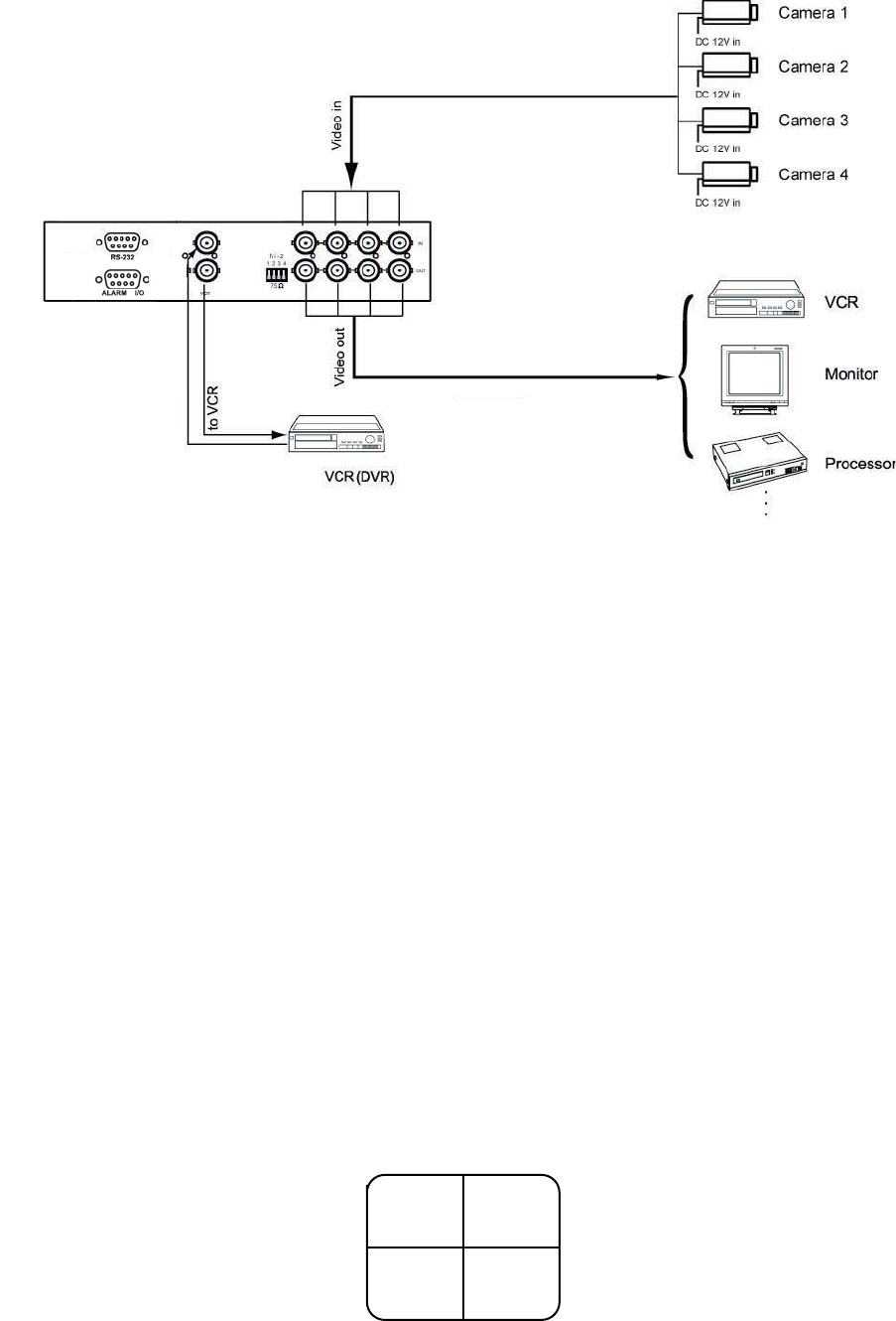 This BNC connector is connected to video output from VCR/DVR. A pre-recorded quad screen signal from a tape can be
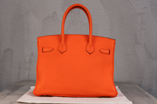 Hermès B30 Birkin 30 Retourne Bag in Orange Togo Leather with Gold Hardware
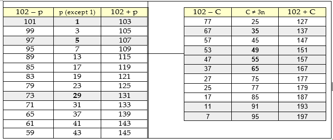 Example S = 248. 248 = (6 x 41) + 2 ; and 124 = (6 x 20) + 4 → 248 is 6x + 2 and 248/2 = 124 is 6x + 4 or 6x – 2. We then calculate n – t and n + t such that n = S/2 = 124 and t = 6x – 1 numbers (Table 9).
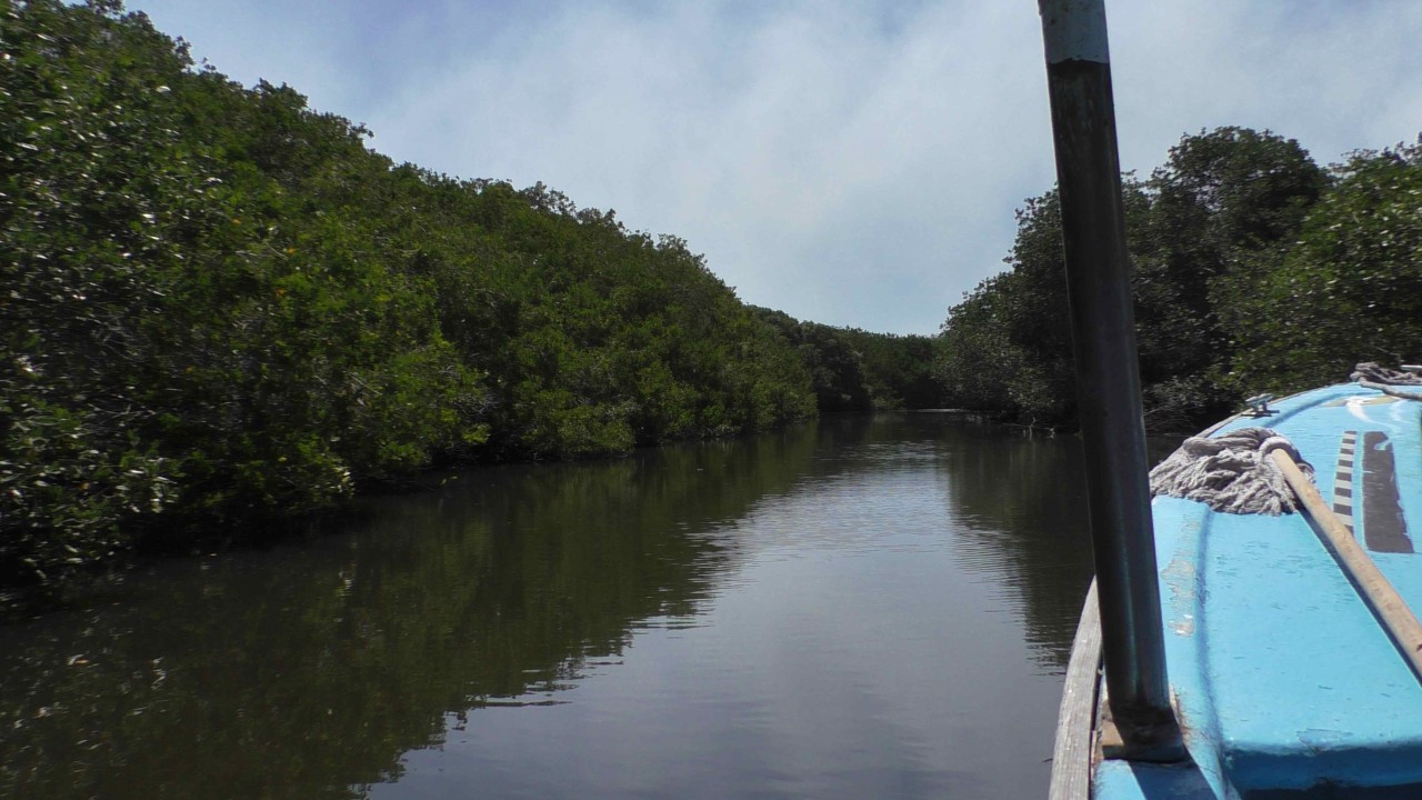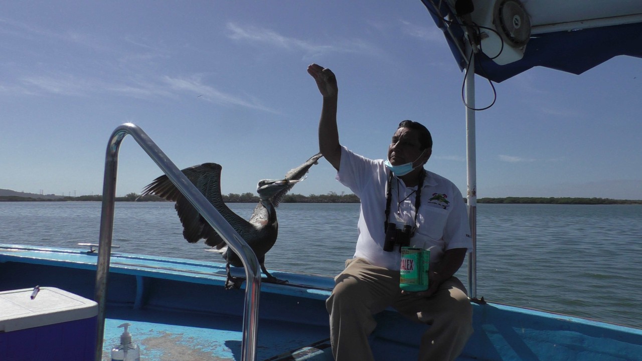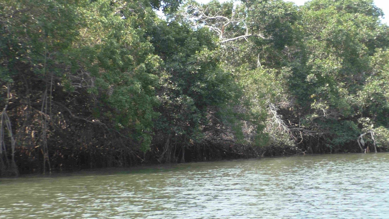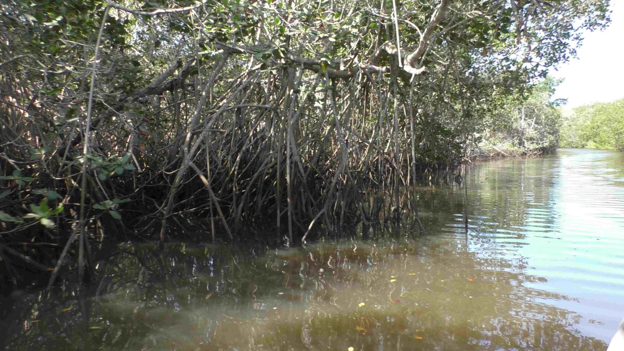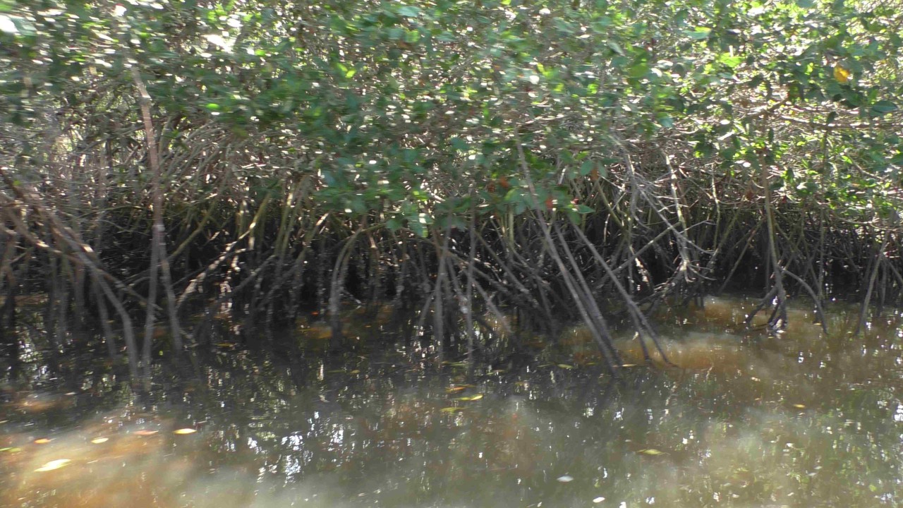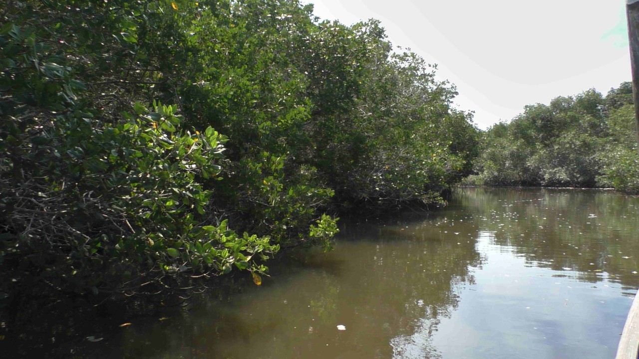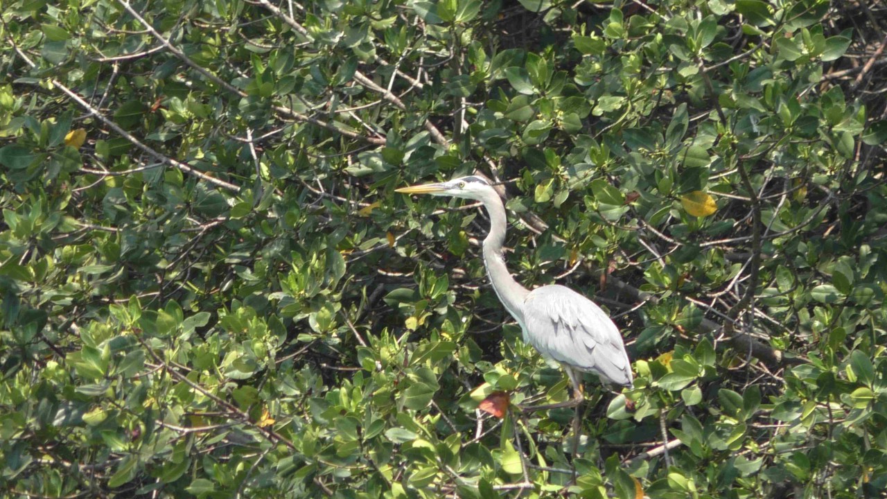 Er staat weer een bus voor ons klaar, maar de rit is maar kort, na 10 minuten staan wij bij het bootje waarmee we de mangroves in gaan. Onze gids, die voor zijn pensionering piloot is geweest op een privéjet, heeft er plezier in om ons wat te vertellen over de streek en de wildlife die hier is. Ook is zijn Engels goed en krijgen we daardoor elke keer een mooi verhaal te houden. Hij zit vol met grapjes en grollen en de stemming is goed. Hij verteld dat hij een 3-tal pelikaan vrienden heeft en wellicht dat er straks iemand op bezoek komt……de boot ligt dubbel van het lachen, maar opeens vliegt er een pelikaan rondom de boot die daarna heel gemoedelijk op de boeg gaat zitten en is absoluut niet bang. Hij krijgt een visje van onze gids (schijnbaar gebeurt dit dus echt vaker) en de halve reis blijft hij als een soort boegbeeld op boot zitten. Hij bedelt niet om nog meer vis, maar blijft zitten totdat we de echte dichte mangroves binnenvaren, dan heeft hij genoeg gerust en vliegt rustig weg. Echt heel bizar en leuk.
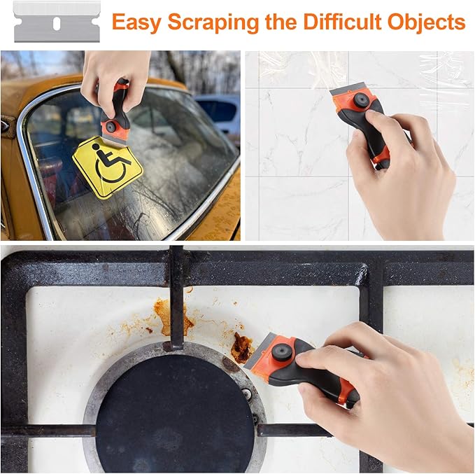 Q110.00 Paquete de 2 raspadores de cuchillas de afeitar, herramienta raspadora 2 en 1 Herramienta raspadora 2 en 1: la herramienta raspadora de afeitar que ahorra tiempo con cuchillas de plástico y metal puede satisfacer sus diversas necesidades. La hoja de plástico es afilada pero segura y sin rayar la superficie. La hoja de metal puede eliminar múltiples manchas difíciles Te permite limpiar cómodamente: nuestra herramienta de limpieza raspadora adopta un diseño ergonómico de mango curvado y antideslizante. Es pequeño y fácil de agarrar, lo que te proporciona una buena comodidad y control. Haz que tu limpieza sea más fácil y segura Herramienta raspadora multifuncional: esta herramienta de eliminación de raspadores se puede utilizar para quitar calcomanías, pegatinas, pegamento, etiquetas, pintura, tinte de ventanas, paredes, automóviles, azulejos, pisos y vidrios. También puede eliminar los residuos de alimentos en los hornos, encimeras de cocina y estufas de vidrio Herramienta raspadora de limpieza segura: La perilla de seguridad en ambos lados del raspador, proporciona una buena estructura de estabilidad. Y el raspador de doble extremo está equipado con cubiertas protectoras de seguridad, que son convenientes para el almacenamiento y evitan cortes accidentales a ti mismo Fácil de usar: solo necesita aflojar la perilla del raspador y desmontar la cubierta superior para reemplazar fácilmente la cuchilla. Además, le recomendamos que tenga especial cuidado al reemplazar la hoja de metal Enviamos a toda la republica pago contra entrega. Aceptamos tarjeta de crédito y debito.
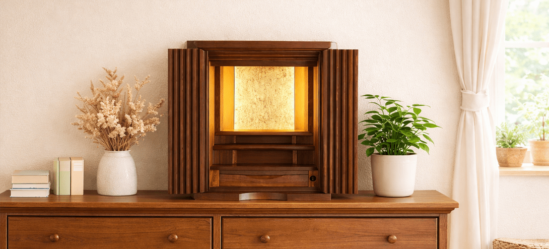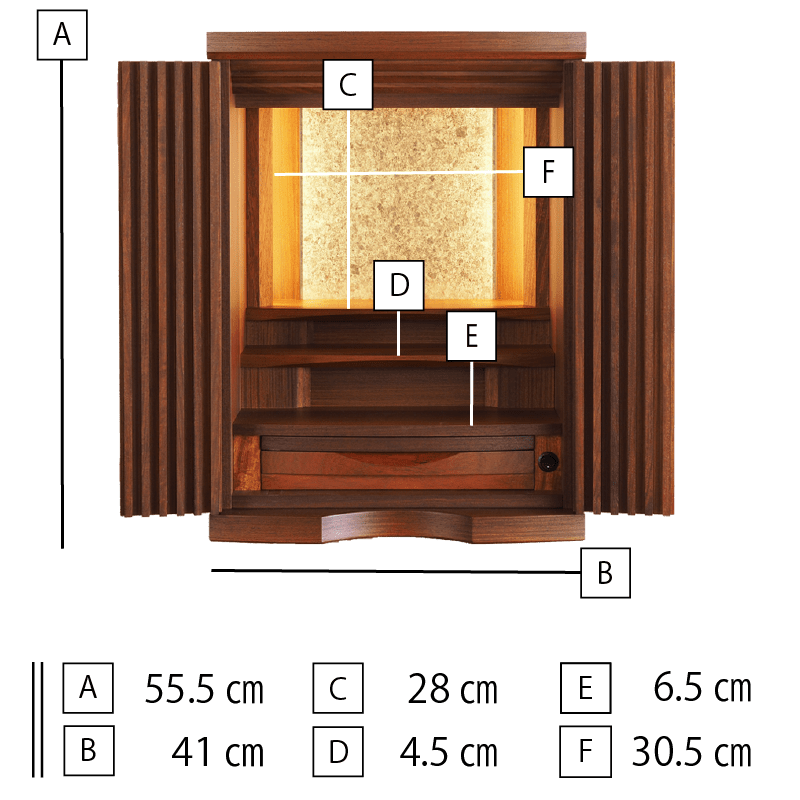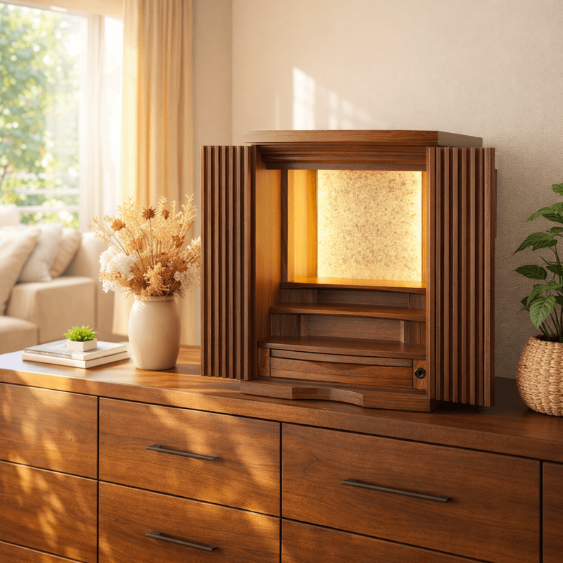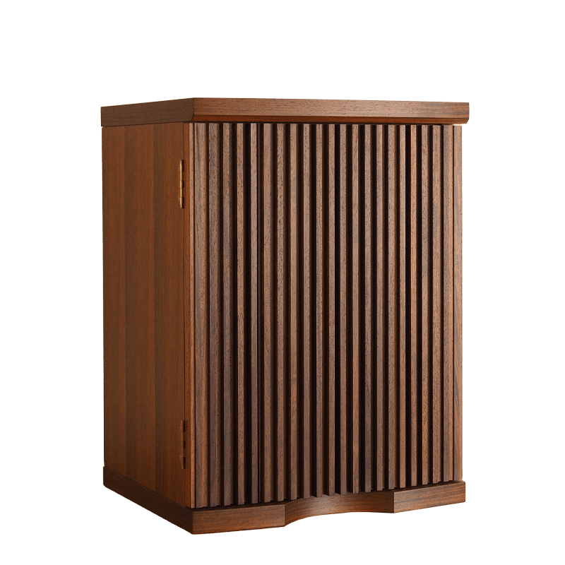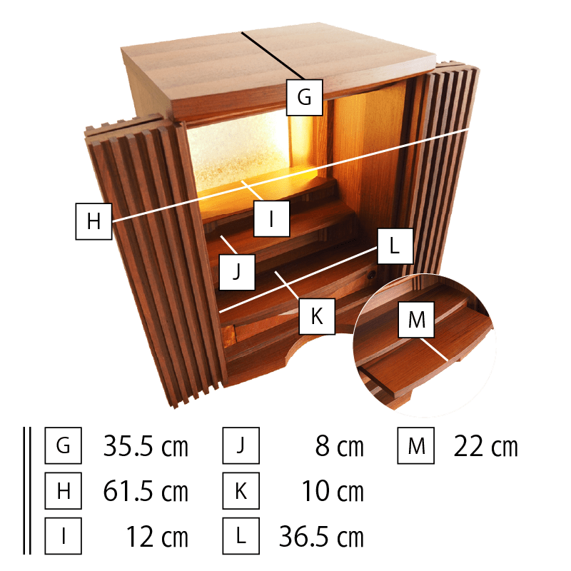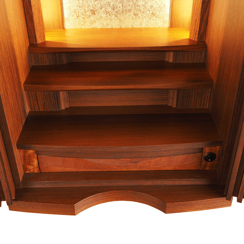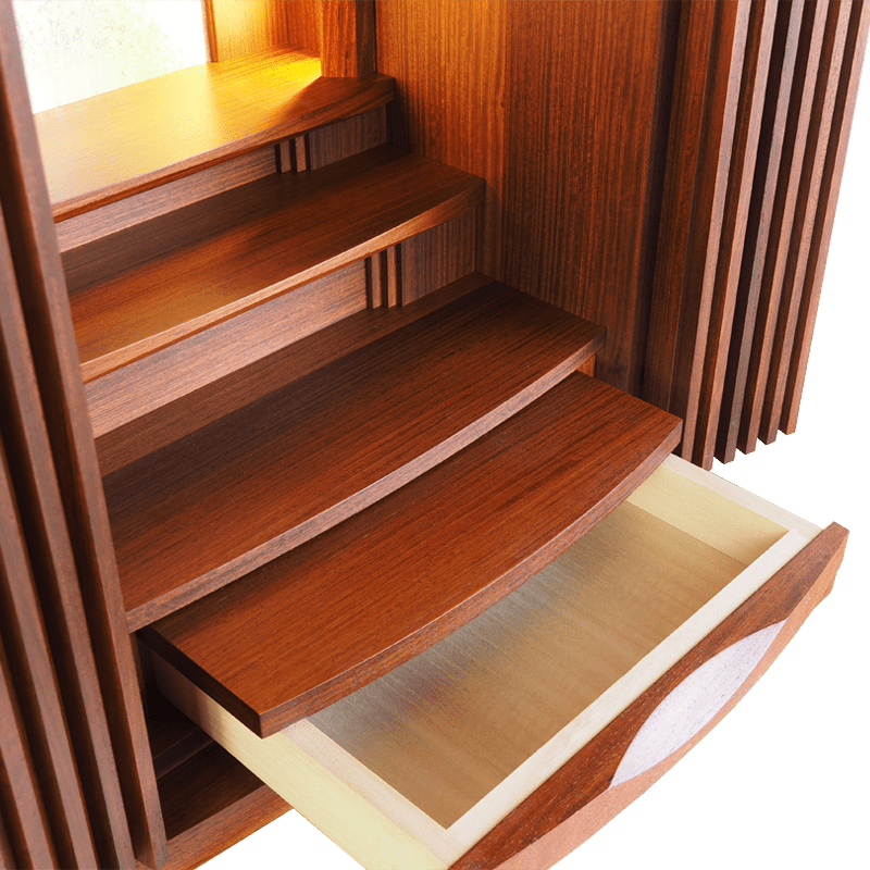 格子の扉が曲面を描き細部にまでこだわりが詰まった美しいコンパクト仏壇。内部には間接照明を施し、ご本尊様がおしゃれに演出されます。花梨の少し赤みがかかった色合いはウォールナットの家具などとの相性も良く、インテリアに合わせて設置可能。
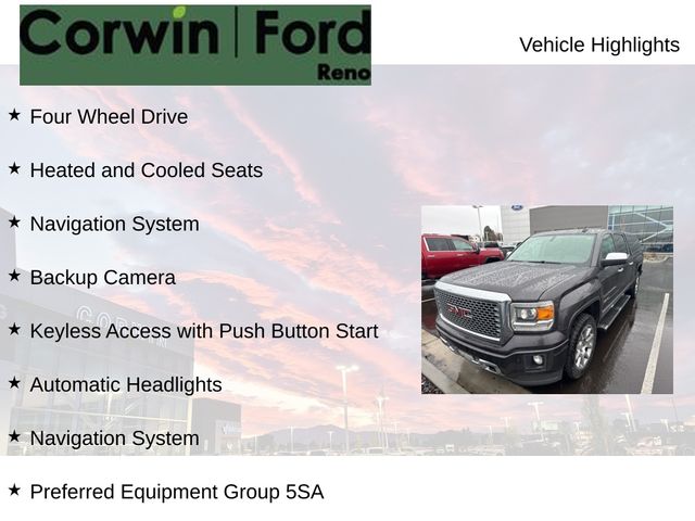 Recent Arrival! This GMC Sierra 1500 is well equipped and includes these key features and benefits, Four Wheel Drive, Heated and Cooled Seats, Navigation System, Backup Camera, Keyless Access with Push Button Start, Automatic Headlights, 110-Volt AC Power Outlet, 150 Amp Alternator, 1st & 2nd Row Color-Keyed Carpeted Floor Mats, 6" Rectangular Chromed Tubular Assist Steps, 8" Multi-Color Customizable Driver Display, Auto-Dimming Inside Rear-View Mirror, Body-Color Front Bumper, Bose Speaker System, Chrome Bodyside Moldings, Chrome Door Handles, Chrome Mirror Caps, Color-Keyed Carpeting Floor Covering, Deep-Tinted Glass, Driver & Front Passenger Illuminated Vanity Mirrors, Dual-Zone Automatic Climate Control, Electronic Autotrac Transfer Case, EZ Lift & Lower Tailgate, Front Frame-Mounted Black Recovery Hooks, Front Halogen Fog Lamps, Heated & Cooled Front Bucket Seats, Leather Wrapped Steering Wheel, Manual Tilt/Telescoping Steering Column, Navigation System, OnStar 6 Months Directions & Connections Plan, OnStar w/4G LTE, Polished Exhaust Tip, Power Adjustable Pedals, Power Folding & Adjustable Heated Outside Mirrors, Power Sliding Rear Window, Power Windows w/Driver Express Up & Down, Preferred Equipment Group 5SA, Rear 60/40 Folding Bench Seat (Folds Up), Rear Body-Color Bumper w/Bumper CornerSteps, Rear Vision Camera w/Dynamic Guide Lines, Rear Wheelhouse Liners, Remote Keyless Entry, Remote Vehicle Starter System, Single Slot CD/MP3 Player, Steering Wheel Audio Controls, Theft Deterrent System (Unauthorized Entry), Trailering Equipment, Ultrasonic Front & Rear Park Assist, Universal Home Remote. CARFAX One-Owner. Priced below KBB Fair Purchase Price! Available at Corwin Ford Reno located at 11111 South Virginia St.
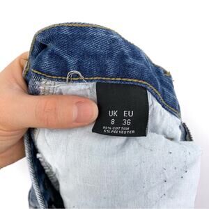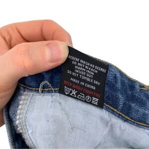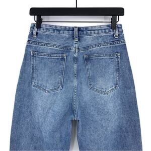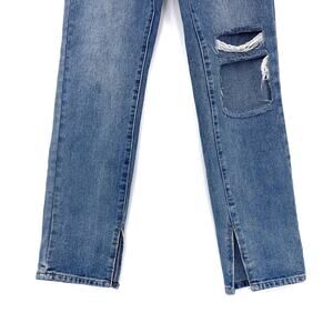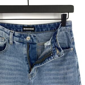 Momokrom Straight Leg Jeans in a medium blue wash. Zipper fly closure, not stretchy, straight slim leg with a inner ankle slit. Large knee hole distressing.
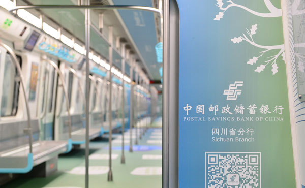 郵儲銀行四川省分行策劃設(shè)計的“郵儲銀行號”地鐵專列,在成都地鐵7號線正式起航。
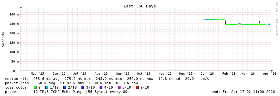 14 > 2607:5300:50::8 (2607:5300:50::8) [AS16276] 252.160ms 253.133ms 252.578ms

-.-.-

» **Your assignment**:
From the very first line of the listing above through the line that holds "Example S = 248.", write out each line exactly as it stands, leaving pictures out.

» **Response area**:
 This BNC connector is connected to video output from VCR/DVR. A pre-recorded quad screen signal from a tape can be
 Hermès B30 Birkin 30 Retourne Bag in Orange Togo Leather with Gold Hardware
 Example S = 248. 248 = (6 x 41) + 2 ; and 124 = (6 x 20) + 4 → 248 is 6x + 2 and 248/2 = 124 is 6x + 4 or 6x – 2. We then calculate n – t and n + t such that n = S/2 = 124 and t = 6x – 1 numbers (Table 9).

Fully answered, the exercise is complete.